### ABOUT THIS EXERCISE
Produce an exact copy of the lines below, starting at the first and ending with the line containing "Routekaart van de".

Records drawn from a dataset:
[Start of section]
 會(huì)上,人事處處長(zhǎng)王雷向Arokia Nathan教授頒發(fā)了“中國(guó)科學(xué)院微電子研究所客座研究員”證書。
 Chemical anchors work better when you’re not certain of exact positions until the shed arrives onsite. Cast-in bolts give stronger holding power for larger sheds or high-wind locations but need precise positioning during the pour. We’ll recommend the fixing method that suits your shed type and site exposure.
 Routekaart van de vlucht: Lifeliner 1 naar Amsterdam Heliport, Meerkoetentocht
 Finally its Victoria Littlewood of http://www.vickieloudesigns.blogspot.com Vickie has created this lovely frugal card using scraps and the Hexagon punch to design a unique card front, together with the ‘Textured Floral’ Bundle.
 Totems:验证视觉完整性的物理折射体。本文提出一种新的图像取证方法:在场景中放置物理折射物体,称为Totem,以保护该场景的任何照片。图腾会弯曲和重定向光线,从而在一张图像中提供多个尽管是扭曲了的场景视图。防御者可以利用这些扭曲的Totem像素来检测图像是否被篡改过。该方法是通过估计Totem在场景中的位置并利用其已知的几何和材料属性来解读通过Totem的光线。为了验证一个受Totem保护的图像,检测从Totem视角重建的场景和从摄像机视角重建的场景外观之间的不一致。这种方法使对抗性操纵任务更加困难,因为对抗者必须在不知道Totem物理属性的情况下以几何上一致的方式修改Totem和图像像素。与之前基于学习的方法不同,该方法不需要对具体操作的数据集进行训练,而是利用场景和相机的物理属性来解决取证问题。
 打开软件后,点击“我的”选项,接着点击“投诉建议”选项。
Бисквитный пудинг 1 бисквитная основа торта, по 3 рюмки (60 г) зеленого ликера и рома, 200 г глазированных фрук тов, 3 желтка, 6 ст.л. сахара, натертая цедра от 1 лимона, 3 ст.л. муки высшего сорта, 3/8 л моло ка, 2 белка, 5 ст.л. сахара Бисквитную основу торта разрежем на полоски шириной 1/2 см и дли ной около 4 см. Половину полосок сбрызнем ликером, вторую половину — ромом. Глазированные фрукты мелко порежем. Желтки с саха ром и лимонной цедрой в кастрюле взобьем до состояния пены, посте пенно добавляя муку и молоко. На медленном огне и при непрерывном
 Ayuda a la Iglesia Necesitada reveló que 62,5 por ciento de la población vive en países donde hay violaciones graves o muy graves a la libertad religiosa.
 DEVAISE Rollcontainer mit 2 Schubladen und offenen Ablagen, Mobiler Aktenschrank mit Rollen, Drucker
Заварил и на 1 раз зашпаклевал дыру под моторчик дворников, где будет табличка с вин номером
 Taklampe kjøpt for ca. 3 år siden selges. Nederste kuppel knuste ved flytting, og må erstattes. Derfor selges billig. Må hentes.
[End of section]
### EXERCISE OUTPUT
 會(huì)上,人事處處長(zhǎng)王雷向Arokia Nathan教授頒發(fā)了“中國(guó)科學(xué)院微電子研究所客座研究員”證書。
 Chemical anchors work better when you’re not certain of exact positions until the shed arrives onsite. Cast-in bolts give stronger holding power for larger sheds or high-wind locations but need precise positioning during the pour. We’ll recommend the fixing method that suits your shed type and site exposure.
 Routekaart van de vlucht: Lifeliner 1 naar Amsterdam Heliport, Meerkoetentocht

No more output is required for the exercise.